COVID-19 Is Bad for All but Devastating for the Poor

New research shows how the disease threatens the most vulnerable.

Posted May 08, 2020

Co-written with Neil Schluger.

Do you want to know your chance of surviving an episode of coronavirus infection? Check the median income of people living in your county. The coronavirus epidemic is providing a dramatic example of the devastation that serious infectious diseases can wreak on large urban populations. Our medical systems are overwhelmed with the sick and dying. As more and more data become available, however, it becomes clearer that what is really happening is an epidemic of a serious infection layered on top of health disparities that mirror structural inequalities in our society.

The consequences of this epidemic are bad for all but devastating for the poor. We spent recent weeks looking at patients who presented at the Columbia Presbyterian ICU. They painted a striking picture of these health disparities.

Case fatality rates—the chance that someone with the infection will die of it—from coronavirus in New York City and its surroundings show marked differences. The rate in Brooklyn is 7.8 percent, in the Bronx 6.5 percent, Queens 6.8 percent, Manhattan 5.9 percent, and in Richmond 4.4 percent. On the other hand, the fatality rate in Nassau county is 3.8 percent, in Suffolk 2.6 percent, in Westchester 2.8 percent, and in Rockland 2.7 percent. Why should some New York City residents have nearly a three times higher rate of death from coronavirus than people living in the suburbs? This seems unlikely to be due to the quality of acute care they are receiving at the moment. The New York region is blessed with outstanding medical centers, and we know from our own experience and observations that doctors and nurses are working heroically to save absolutely everyone they can, regardless of who they are. Rather, the evidence strongly points in the direction of a whole host of underlying vulnerabilities to death from infection that is linked to income inequality and other forms of disparities.

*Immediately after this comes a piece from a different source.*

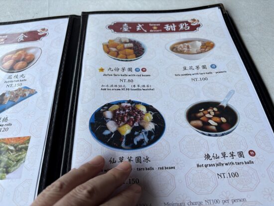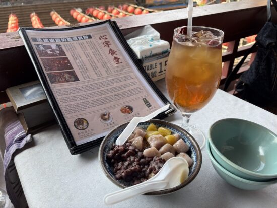 私はバックスキン瓶ビールと九份の名物スイーツ「九份芋圓(ジョウフェンユーユェン)。

We examined a multitude of factors that might be associated with susceptibility to death from infection, including the prevalence in New York area counties of diabetes, hypertension, smoking, and obesity. Although several factors correlated with the death rate, the most striking and statistically strongest relationship was between median income in each county and the case fatality rate from COVID-19:

Original graph
Figure 1.
Source: Original graph

The horizontal axis shows median income in the five boroughs and four surrounding counties, and the vertical axis shows the case fatality rate from COVID-19. It is a striking relationship, and in statistical terms, median income explains a stunning 65 percent of the variance in the death rates.

It is also probably not surprising that in New York City, mortality from COVID-19 is disproportionately affecting Black and Hispanic residents. Those two groups make up 51 percent of the population of New York City, but 62 percent of the deaths from coronavirus. Across the state as a whole, 21 percent of residents are Black or Hispanic but 31 percent of those who have died.

What do these data tell us? Remember, the data in the graph describe the chance that a person will die from coronavirus infection once infected, not the chance that a person will be infected in the first place. News reports are full of stories of celebrities of all sorts—professional athletes, actors, royalty—who become sick. We have deep empathy for anyone who is sick with this disease, but it is important to remember that people with access to resources, the rich and the well-connected, have a much better chance of surviving than poor people. 

What does average income have to do with poor outcomes from coronavirus infection? The diseases that are more prevalent in poor and minority communities reflect decades of structural inequalities, of the burden of racism, income inequality, and marginalization all of which add up to populations that are simply much more vulnerable to any stressors—and COVID-19 is no exception—than those who are richer, more connected, and have the resources to buy their health, in good times and bad. If there ever was an illustration of the fact that the virus does indeed discriminate, it is this. Yes, we may all be at risk of contracting the virus, but even when we do, some of us are much more likely to die than others.

Coronavirus highlights the link between social inequality and health in stark and serious ways. Marginalized populations of all kinds stand a greater chance of dying of acute illness because of the chronic circumstances in which they find themselves. This isn’t a problem that can be solved with more ventilators, as essential as those are right now. Could recognizing this at this point in time finally lead us to tackle the structural issues that have long plagued us? Could we take this as the long-awaited encouragement we need to recognize that a healthier world will not be possible unless we invest in safe housing, good schools, livable wages, gender equity, clean air, drinkable water, and a fair economy for all?